This Wednesday Jennifer Poole (UC Santa Cruz) is presenting her work, "Trade Liberalization, Firm Heterogeneity, and Wages: New Evidence from Matched Employer–Employee Data."
The seminar is 12PM-1:15PM in Kreeger 101.
Abstract:
In this paper, we use a linked employer–employee database from Brazil to examine the heterogeneous responses of exporters and non-exporters to trade reform. We begin our analysis at the firm level and estimate how average wages respond to trade liberalization and test whether these responses vary by the firm’s export status. We find that wages at exporting firms increase relative to non-‐exporters in response to a decline in protection and that the differential impact is mainly due to exporters in sectors in which Brazil has the comparative advantage.
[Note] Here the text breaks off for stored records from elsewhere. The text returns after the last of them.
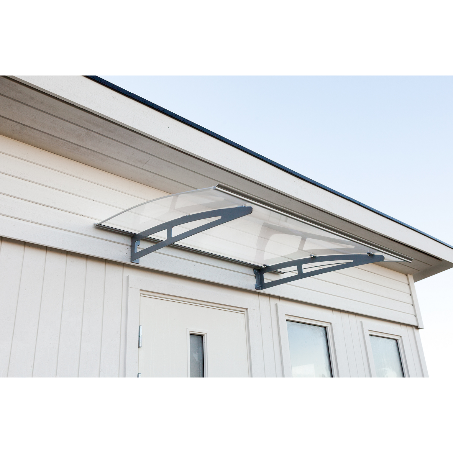 Entrétak i plast, polykarbonat, med aluminiumstag. Taket skyddar entrén och kan användas på ditt hus eller din friggebod.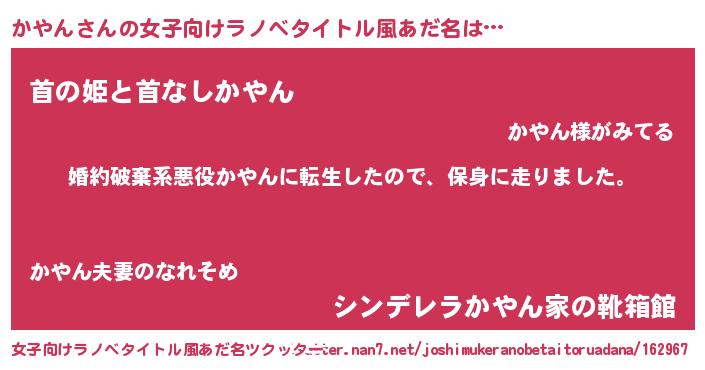 かやんさんの女子向けラノベタイトル風あだ名は… 『婚約破棄系悪役かやんに転生したので、保身に走りました。』『首の姫と首なしかやん』『シンデレラかやん家の靴箱館』 ツクッター #女子向けラノベタイトル風あだ名ツクッター http://tkutter.nan7.net/joshimukeranobetaitoruadana/162967/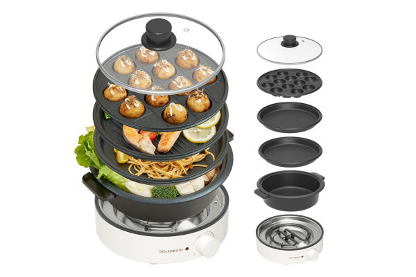 ちょうどいいサイズ感で、4種類のプレートが選べる! コンパクトながら本格派のホットプレート。平面・波型・深鍋・たこ焼きプレートを自由に組み合わせて、焼肉、鍋、たこ焼き…何でも作って楽しめる。

We then decompose firm-level average wages into a component reflecting the firm’s workforce composition and a component reflecting the firm’s performance. Our decomposition suggests the relative increase in wages is largely due to the portion of wages that can be attributed to the relative performance improvement at exporters post-‐liberalization; differential changes in unobservable workforce composition play a minor role in explaining the differential response to liberalization by firms with differing trade orientation. Our worker-level analysis, where we test for the differential impacts of trade liberalization on otherwise identical workers employed in heterogeneous firms, is supportive of this finding.